Node = 1 Group = 0 Processors = 16,17,18,19,20,21,22,23,24,25,26,27,28,29,30,31

SilverAzide commented 2 years ago

Thank you very much!! Yes, this is super helpful. This is exactly what I was hoping I would see! Unfortunately (for me) with a 64-core Threadripper, the results are completely different and somewhat nonsensical. It is showing each node having processors 0-31 no matter what (whether 2 nodes or 4 nodes)... and it never shows the proper core numbering like yours does. Windows is wonky with his RAM as well, half his NUMA nodes show as having 0GB of RAM in Performance Monitor.

But I think (hope/pray) I have it all figured out. My goal is to somehow get the CPU Meter to correctly show his setup without breaking the way it shows yours, LOL.

RacerXNFS commented 2 years ago

Well, I'm seeing his Threadripper is a more recent Pro model? Not sure what use this information is, but these are weird chips so I've a little bit of background information for you.

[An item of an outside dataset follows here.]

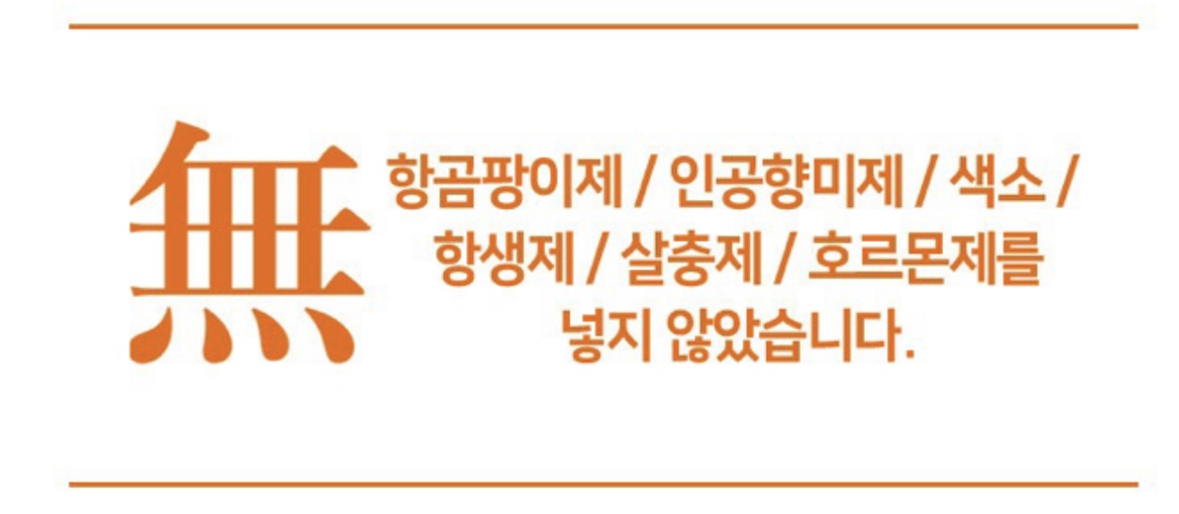 | 호르몬제, 항곰팡이제, 인공항미제, 색소, 항생제, 살충제를 넣지 않았습니다. |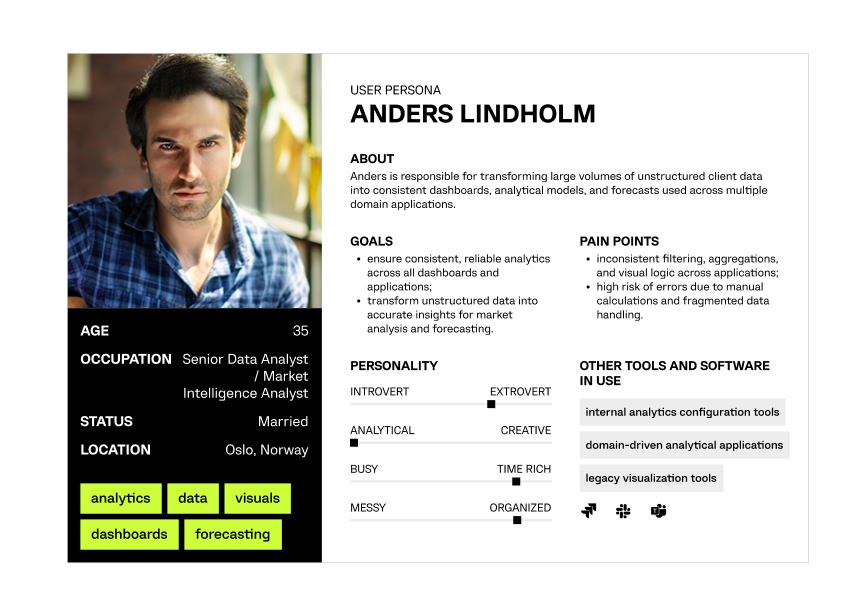 Creating a clear profile of data analysts and product stakeholders responsible for configuring analytics, validating data, and using dashboards to support market analysis and decision-making.

The first two generations of Threadripper, 1000 and 2000 series, were basically just made by bolting up to 4 AMD Ryzen CPUs onto a single piece. It's like a dual-socket CPU system pretending to be a single-socket system, basically? That's why the motherboards let you toggle between UMA and NUMA modes, here it's the choice of single socket and a large pool of RAM or dual socket and two smaller, lower-latency pools at the expense of some thread scheduling weirdness as you can guess. Oh, and 2000 Series brought in 24- and 32-core monsters, which can't do UMA at all from what I understand?

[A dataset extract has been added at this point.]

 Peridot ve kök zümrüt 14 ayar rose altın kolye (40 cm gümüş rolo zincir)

3000 Series was a complete internal overhaul, and is basically much more like a giant Ryzen 3000/5000. A bunch of CCD chiplets connected to a single memory/IO controller that handles them all. So I don't think it even uses a NUMA-based memory system anymore since it's got a single memory controller instead of 2 that are basically duct-taped together? So the other nodes showing 0GB would be accurate because there's only one. Maybe it's reading batches of CCDs or something, not sure as I'm not a programmer.

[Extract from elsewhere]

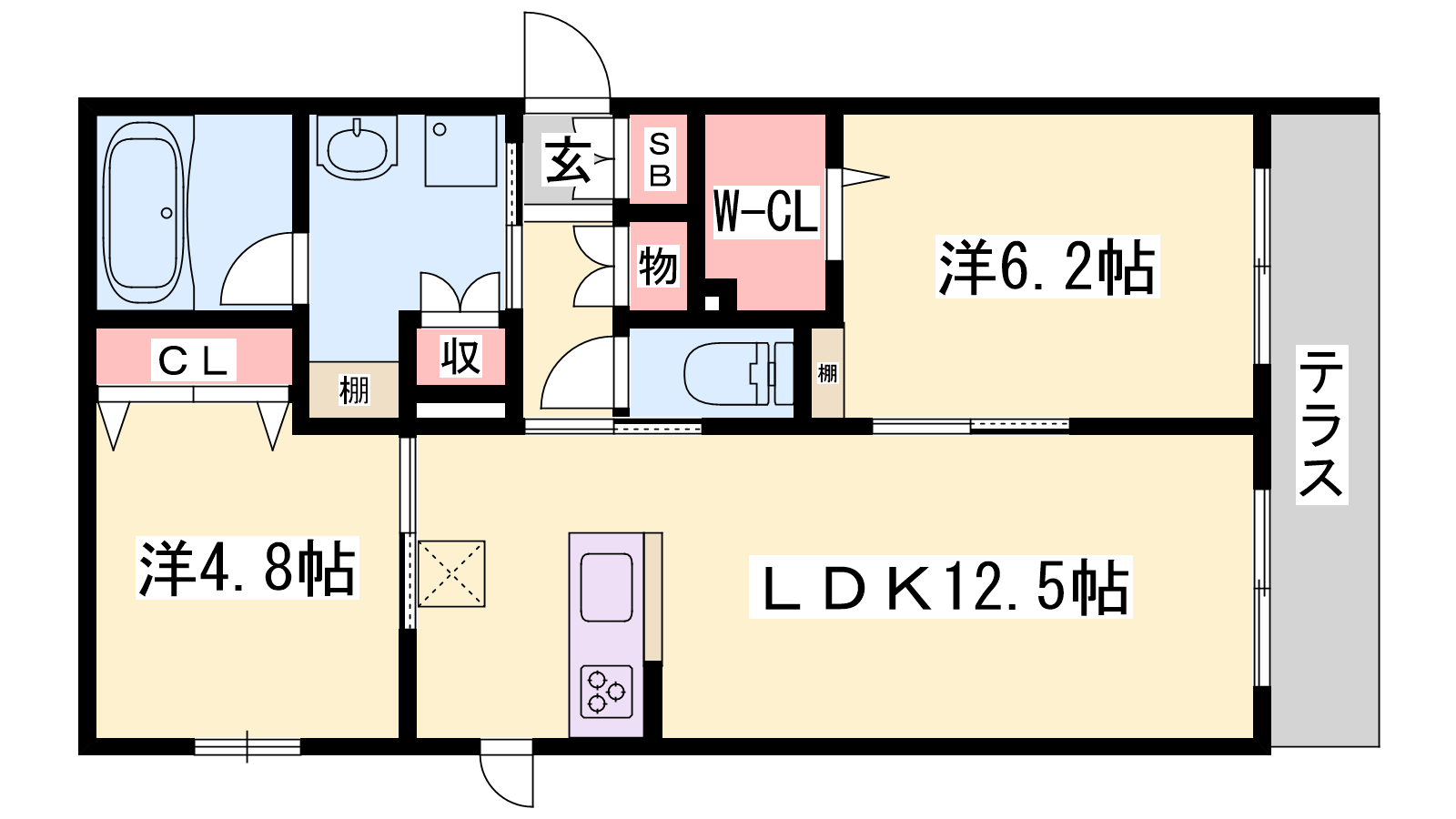 - LDK11.9帖、洋室6.2帖、洋室4.8帖

Regardless I hope this was useful to you in some way, shape or form. Still surprised another Threadripper edge case managed to appear, but if that's not a sign of the versatility and usefulness of these gadgets then I don't know what is. Best of luck to you on this one, alright? 😁

SilverAzide commented 2 years ago

Excellent info! Thank you very much!

SilverAzide commented 2 years ago

P.S.: Here's a CPU Meter patch you can try if you are interested. If all is done properly, you should see no change in behavior on your system.

All CPU Meter Patch_7.1.3.zip

This version adds a mode to handle "processor groups" for systems with >64 threads. Not sure if this is the proper way to do it, but one of my end goals was to try to make sure it didn't break on your system.